Cryptographic mistakes

Usage of md5() or sha1() for password hashing or token generation, hardcoded encryption keys, and insecure random number generation using rand() instead of random_bytes() are all patterns CodeGuards.io catches in changed code.

Working with legacy PHP codebases

Many PHP teams work in codebases that predate modern Laravel versions or contain a mix of legacy procedural code and newer framework-based code. These codebases are often where the most significant security debt lives — and also where conventional SAST tools generate the most noise, because the full-codebase scan produces hundreds of findings on old code that no one is actively changing.

CodeGuards.io only reviews what changed. Connecting a ten-year-old codebase does not produce a backlog of historical findings. The first scan covers the next commit — nothing before it. Teams working in legacy PHP code often find this the most valuable aspect: they get security review on new changes without being blocked by years of accumulated debt.

For patterns that are present in old code and will not be fixed immediately — internal conventions, accepted technical debt, or compensating controls elsewhere in the stack — you can mark specific finding patterns as accepted with a policy note. CodeGuards.io scopes the suppression to that repo and stops reporting the same pattern on future scans.

How teams use CodeGuards.io alongside other PHP tooling

Most PHP security programs already include some combination of Composer audit (composer audit), PHPStan for static analysis, and periodic manual review or pentesting. CodeGuards.io fits into this stack as a continuous, commit-level layer — the thing that catches what slips through regular code review before it merges.

• Composer audit / Dependabot — handles known CVEs in third-party dependencies. CodeGuards.io handles vulnerabilities in your own code.
• PHPStan / Psalm — handles type safety and code quality. CodeGuards.io handles security-specific patterns that static analysis tools are not designed to detect.
• Manual review — handles architectural concerns and business logic. CodeGuards.io handles the security checklist so reviewers can focus on those higher-level concerns.

Other supported languages

CodeGuards.io is not PHP-only. Teams using TypeScript, JavaScript, Python, Go, and Ruby can connect those projects and get the same commit-level security review. PHP and Laravel are highlighted here because the framework-specific detection patterns are particularly valuable — but the platform works across a mixed-language codebase with no extra configuration.

Frequently asked questions

Does CodeGuards.io understand Laravel's security features — like policies and gates?

CodeGuards.io is aware of common Laravel authorization patterns. It can distinguish between a route that uses $this->authorize() correctly and one that calls the same model method without an authorization check. It does not perform full data-flow analysis across the entire application but focuses on the most common patterns where authorization is missing in newly changed code.

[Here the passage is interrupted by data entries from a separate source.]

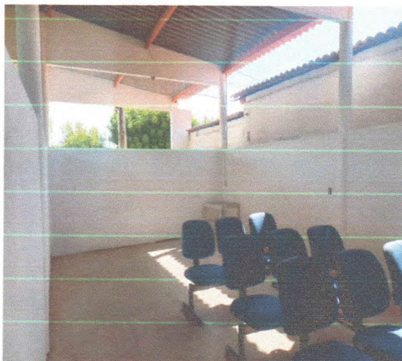
Figura 3 – Caibros apoiados em pilares de concreto
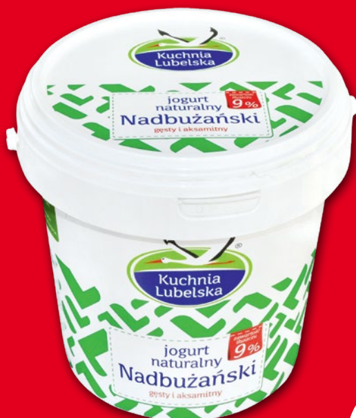
JOGURT NADBUŻAŃSKI 1 KG • najniższa cena towaru w okresie 30 dni przed wprowadzeniem obniżki za 1 szt.: 10.45 , z VAT 10.97 482362
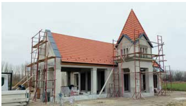
Jó ütemben halad az új Sári ravatalozó építése.

A Dabasért Közalapítvány a Bethlen Gábor Alap támogatásával elkezdte a város legrégebbi műemlék épülete, a gyóni Zlinszky-kúria teljes belső felújítását.
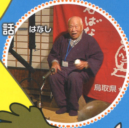
話 - はなし
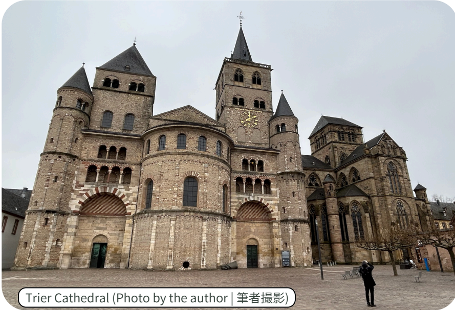
Trier Cathedral

「黒い門」)。現在のトリーアでは市壁はありませんが、その北部の門、ポルタ・ニグラはまだ立ち続け、世界中の多くの観光客を魅了しています。
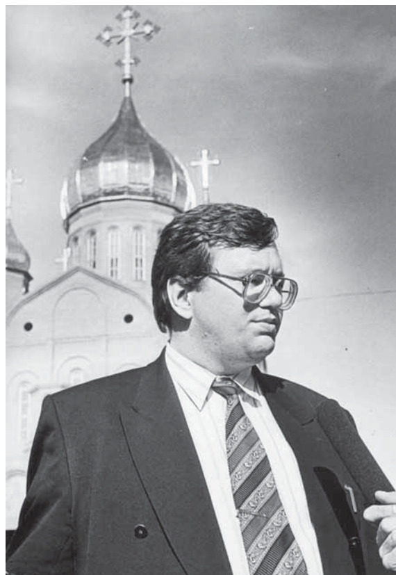
Министр финансов РСФСР Б.Г. Фёдоров во время интервью. Москва, август 1990 г.

предложение, которое опять вызвало у президента очень большое удивление. Однако Егор Тимурович мечтал стать, наконец, премьер-министром, лишившись приставки и.о., для этого ему нужен был баланс из консервативного председателя Центрального банка, и он буквально протаранил решение.
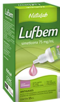
9287- Lufbem gts 15ml Simeticona Referência: Luftal

We use a custom PHP framework. Does CodeGuards.io still work?

Yes. The detection library covers PHP-level patterns — raw query construction, input handling, session management, file operations — that apply regardless of framework. Framework-specific rules (Laravel, Symfony, Slim) add additional context on top of the base PHP rules.

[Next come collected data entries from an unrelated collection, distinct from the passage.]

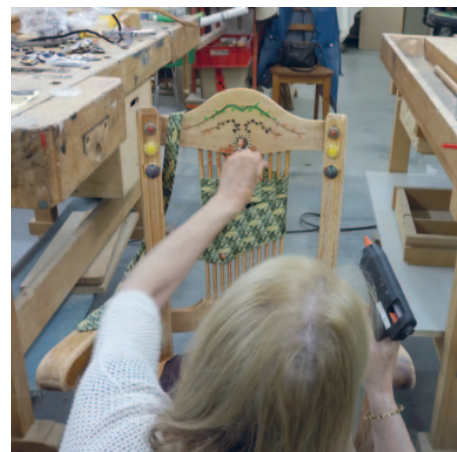
Die Stühle werden zu Geschichten
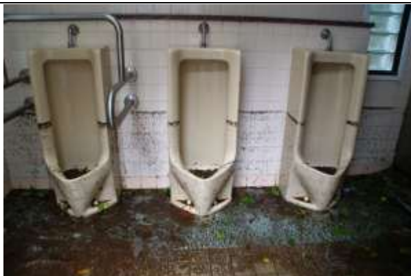
南門・男子トイレ
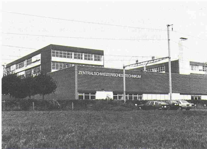
Das Zentralschweizerische Technikum in Horw
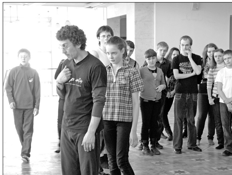
Фото: Тренинг по сценическому движению
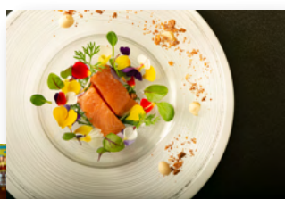
フランス料理エスカール
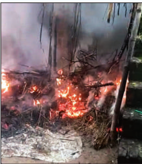
आग लगाए जाने के बाद जलता घर का छप्पर।
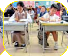
還有一些時間，先來練練字吧！
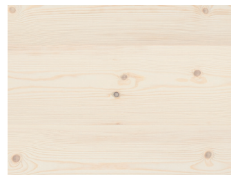
101556CO Fyrplank 14x185x2400 mm
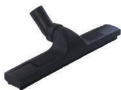
Spazzola con ruote per pavimenti

Per tutti i tipi di pavimento, tappeti, materassi, abiti, animali, etc.
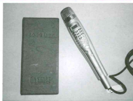
カラオケ(テレビにつないで楽しめます)
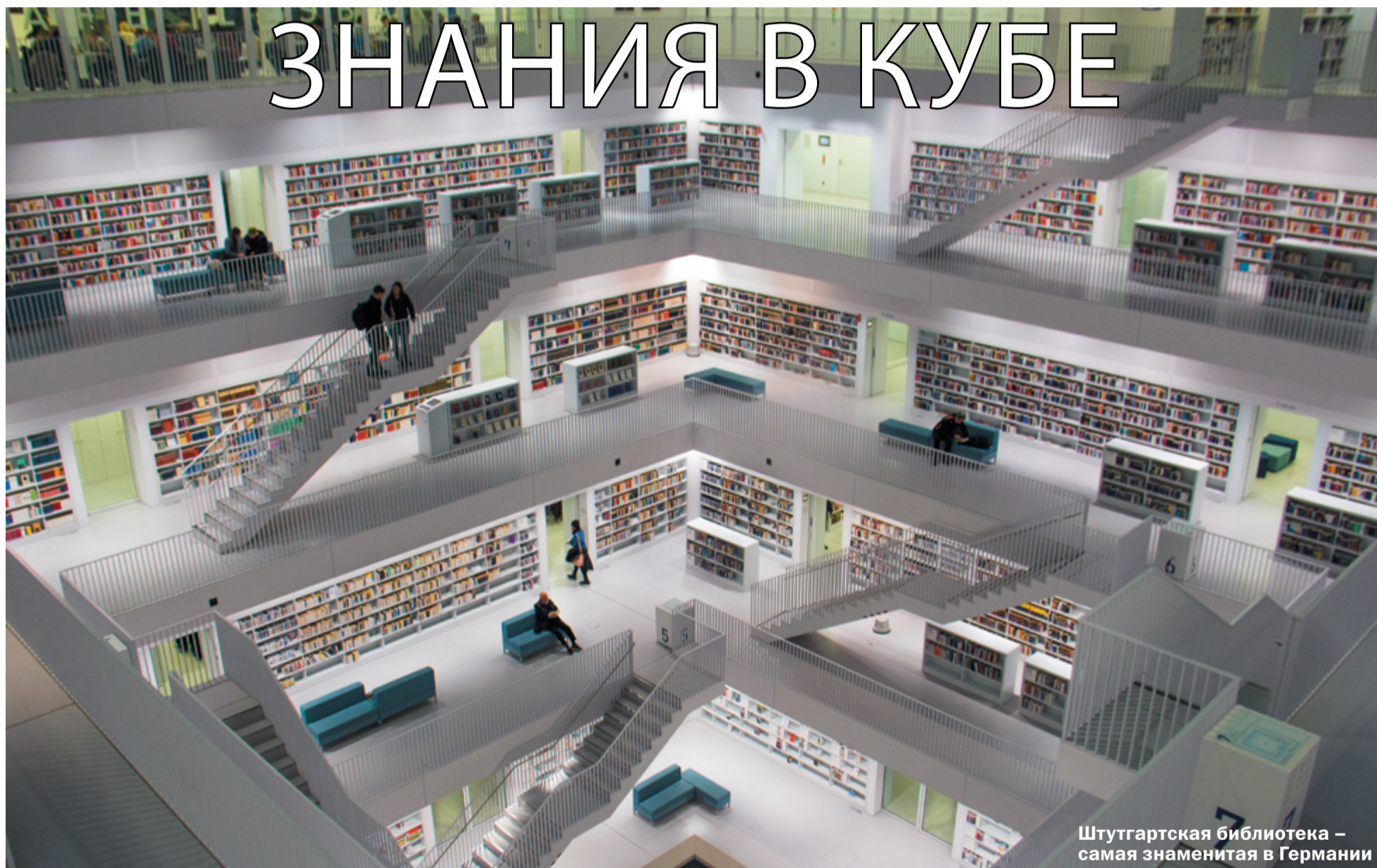
Штутгартская библиотека – самая знаменитая в Германии

Will it flag our test fixtures or seed data?

Occasionally. Test fixtures sometimes contain hardcoded credentials or simplified SQL queries that match security patterns. You can mark these findings as accepted with a note like "test fixture, not production code" and CodeGuards.io will stop reporting the same pattern in that repo.

How do we connect a self-hosted GitLab instance running our PHP projects?

The connection process is the same as for GitLab.com: paste a personal access token, specify your instance hostname, and select the projects. GitLab 14.0 and above is supported. See the workflow page for step-by-step setup.

Can CodeGuards.io fail the CI pipeline when it finds a critical vulnerability?

Yes. Add the CodeGuards CI runner to your .gitlab-ci.yml; it sends review and security bundles to POST /ci/reviews and POST /ci/scans. Details are on the workflow page.